#### Exercise
The result should be an exact copy of only the lines from the one holding "市文化館攜手中華職校開展豐富" through the last line of the data below, please, without pictures.

[Source records]

· · · · ·

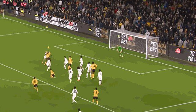 伤停补时阶段,狼队在禁区内制造混乱,无人盯防的沃尔费挑射将球打进。狼队3比4再追一球。
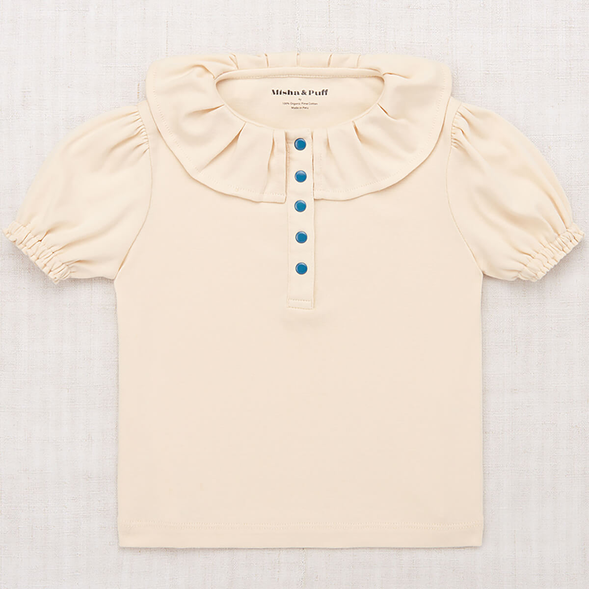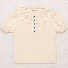 Ulla Tee by Misha & Puff. A short-sleeved top in Pima cotton, featuring puff sleeves with soft elasticated cuffs, a pleated collar, and partial snap button front closure. A great style for layering.
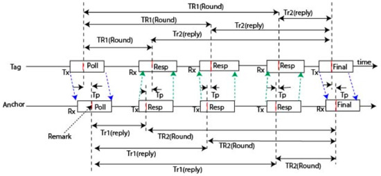 The final message communicates the tag’s times to the anchors and is the values of TOF which is the propagation time of the message between tag and anchors. Here, anchor calculates the range of the tag which is given in Equation (1):
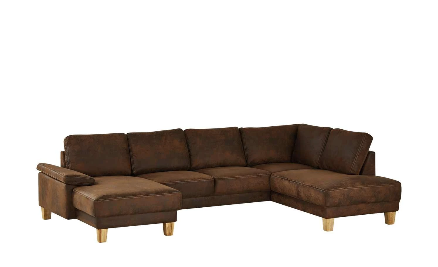 Viel Platz für Familie und Freunde bietet die Wohnlandschaft Atara. Sie ist U-förmig designt und verfügt daher über eine große Sitzfläche. Sie ist – wie auch der Rücken und die Armlehnen – mit Schaumstoff gepolstert. Durch eine zusätzliche Nosag-Wellenunterfederung soll das Durchsitzen verhindert werden. Atara ist mit einer soften Mikrofaser bezogen. Sie fühlt sich nicht nur angenehm an, sondern hat auch eine dekorative Raulederoptik mit angesagten Used-Effekten. Doppelt gearbeitete Kontrastnähte setzen schöne Akzente.
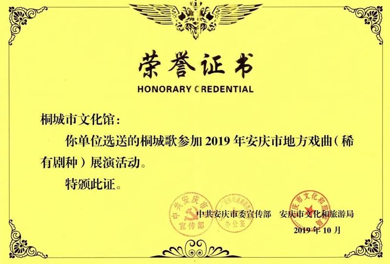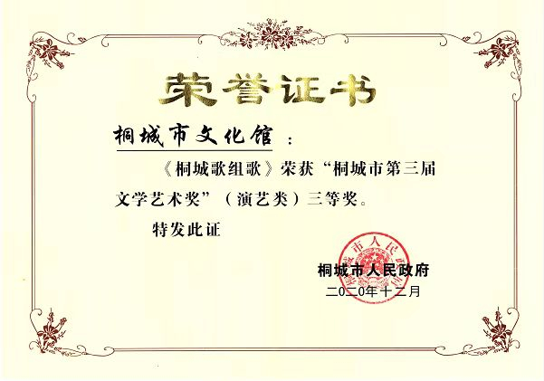 市文化館攜手中華職校開展豐富的“桐城歌”傳承傳習活動,組織業(yè)務(wù)人員對學(xué)生們的聲腔、方言、舞蹈動作進行專業(yè)系統(tǒng)培訓(xùn),演繹富有鄉(xiāng)土氣息的桐城歌音樂作品《桐城歌組歌》。201910月作品入選參加由中共安慶市委宣傳部、安慶市文化和旅游局舉辦的2019年安慶市地方戲曲(稀有劇種)展演活動,獲得一致好評;202012月作品獲桐城市人民政府頒發(fā)的“第三屆文學(xué)藝術(shù)獎”(演藝類)三等獎。
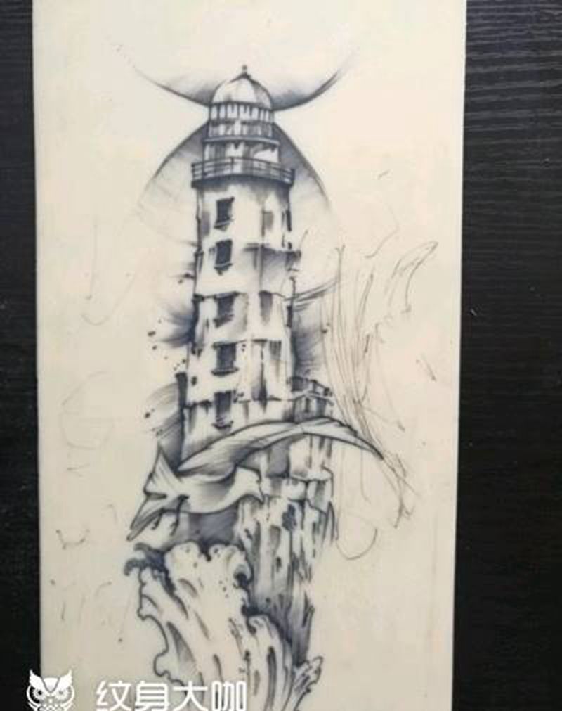 学员作品纹身图片_手臂腰部欧美写实水彩表荷花灯塔纹身图案
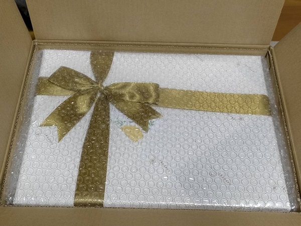 プチプチに包まれたラッピングされ箱に入った商品です。
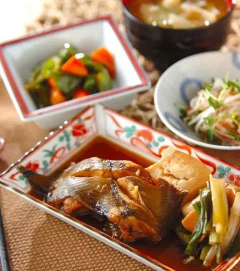 今日の献立は「カレイと青ネギの煮物」を含めた全4品。
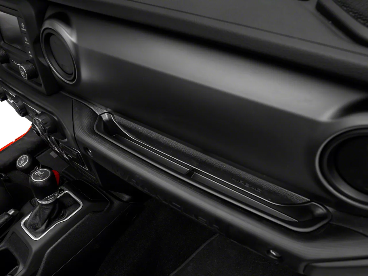 Extra Storage. The RedRock Passenger Side Grab Handle Storage Tray creates usable storage space on your JT's dash for small items. The Tray features a useful, 2-compartment design to separate items, such as your sunglasses, smartphone, loose change or more.

· · · · ·

#### Exercise response
 市文化館攜手中華職校開展豐富的“桐城歌”傳承傳習活動,組織業(yè)務(wù)人員對學(xué)生們的聲腔、方言、舞蹈動作進行專業(yè)系統(tǒng)培訓(xùn),演繹富有鄉(xiāng)土氣息的桐城歌音樂作品《桐城歌組歌》。201910月作品入選參加由中共安慶市委宣傳部、安慶市文化和旅游局舉辦的2019年安慶市地方戲曲(稀有劇種)展演活動,獲得一致好評;202012月作品獲桐城市人民政府頒發(fā)的“第三屆文學(xué)藝術(shù)獎”(演藝類)三等獎。
 学员作品纹身图片_手臂腰部欧美写实水彩表荷花灯塔纹身图案
 プチプチに包まれたラッピングされ箱に入った商品です。
 今日の献立は「カレイと青ネギの煮物」を含めた全4品。
 Extra Storage. The RedRock Passenger Side Grab Handle Storage Tray creates usable storage space on your JT's dash for small items. The Tray features a useful, 2-compartment design to separate items, such as your sunglasses, smartphone, loose change or more.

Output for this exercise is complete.